The examples show the following nice features of the zip function:

• It can work with any iterator, not just e.g. vectors.
  In the second example we used a string and a special cyclic iterator from Iterators module.
  Importantly we can work with iterators that are not indexable.
• The zip function works until the shortest iterator of all passed to it is exhausted.
  It is often useful when we have some of the iterators that are infinite.
  Again, in our second example Iterators.cycle([1, 2])) is infinite and allowed us to clearly indicate even and odd characters in the string.

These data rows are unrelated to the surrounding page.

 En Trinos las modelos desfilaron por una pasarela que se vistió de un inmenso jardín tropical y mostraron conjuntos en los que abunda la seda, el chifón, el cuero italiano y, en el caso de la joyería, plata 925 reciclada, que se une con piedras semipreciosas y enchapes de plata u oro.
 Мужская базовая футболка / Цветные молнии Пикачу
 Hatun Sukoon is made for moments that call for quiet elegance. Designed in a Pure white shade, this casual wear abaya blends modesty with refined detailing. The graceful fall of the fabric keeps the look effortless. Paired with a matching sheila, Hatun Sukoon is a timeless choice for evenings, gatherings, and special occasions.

The last nice feature of zip is that it is lazy. To understand what it means check this:

julia> zip(1:3, 11:13)
zip(1:3, 11:13)

julia> typeof(zip(1:3, 11:13))
Base.Iterators.Zip{Tuple{UnitRange{Int64}, UnitRange{Int64}}}

We can see that the zip function by itself does not do any work. Instead, it returns an iterator that can be queried.
That is why in the first examples I used comprehensions to show the values produced by the iterator returned by zip.
Why is it useful? Being lazy avoids excessive memory allocation, which is often important, especially if you work with large data.

Why is zip risky?

So what are the potential problems with zip in practice? The issue is that we often want to use it in scenarios
when we would want to be sure that all iterators passed to zip have the same length. Unfortunately zip does not check it.

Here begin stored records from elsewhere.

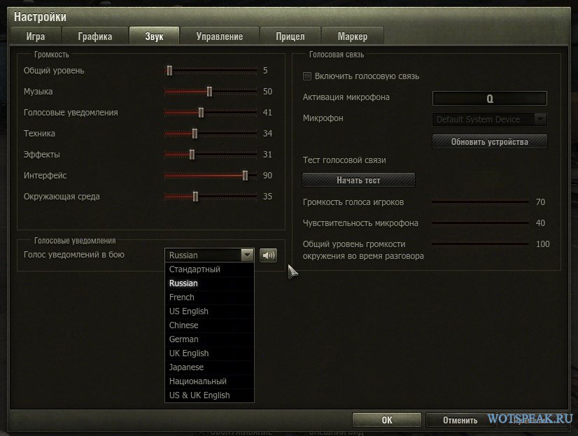 Быстрая смена и выбор языка озвучки экипажа для World of tanks 0.9.15.2 WOT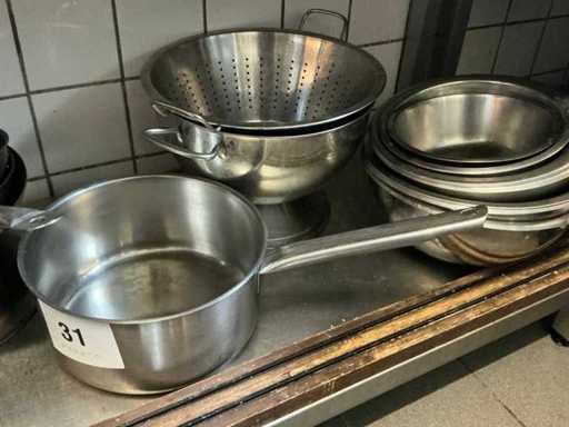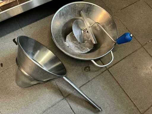 Compleet met 9 diverse rvs mengkommen, 2 vergieten, 1 passe-vite en 1 chinois a sauce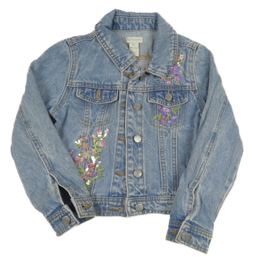 Modrá rifľová bunda s kytičkami z flitrů Monsoon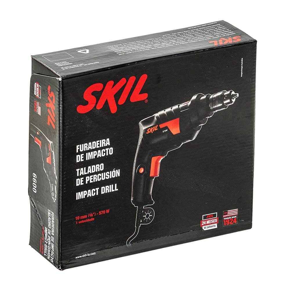 A Furadeira de Impacto Skil 6600 possui 570 Watts de potência, é super leve e compacta! O Mandril metálico de 3/8" (10 milimetros) é robusto para as aplicações diarias. Com o botão comutador para perfurações com ou sem impacto é possível realiza perfurações em distintos materiais tais como: alvenaria, concreto, madeira, metal, com o botão trava é possivel realizar trabalhos contínuos.

Here is a simple example of a problematic definition of a function comupting a dot product:

julia> dot_bad(x, y) = sum(a * b for (a, b) in zip(x, y))
dot_bad (generic function with 1 method)

julia> dot_bad(1:3, 4:6)
32

julia> dot_bad(1:3, 4:7)
32

julia> dot_bad(1:4, 4:6)
32

Typically with such a function we would want it to error if it gets input iterators of unequal length.

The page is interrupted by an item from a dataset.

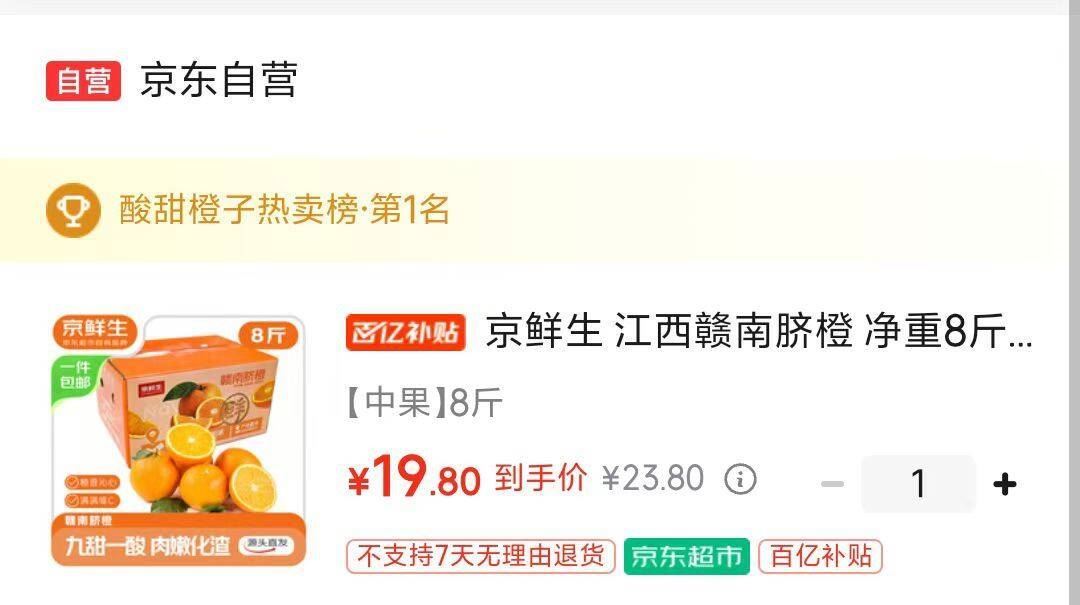 京鲜生 江西赣南脐橙8斤

In practice, if it is required that the passed iterators must have equal length, they usually support the length function.
Therefore often fix of the definition that is similar to the following is enough:

julia> function dot_safer(x, y)
           @assert length(x) == length(y)
           return sum(a * b for (a, b) in zip(x, y))
       end
dot_safer (generic function with 1 method)

julia> dot_safer(1:3, 4:6)
32

julia> dot_safer(1:3, 4:7)
ERROR: AssertionError: length(x) == length(y)

julia> dot_safer(1:4, 4:6)
ERROR: AssertionError: length(x) == length(y)

Conclusions

In summary: if you use zip always ask yourself a question if you assume that the passed
iterators have the same length. If you do – make sure to check it in your code explicitly.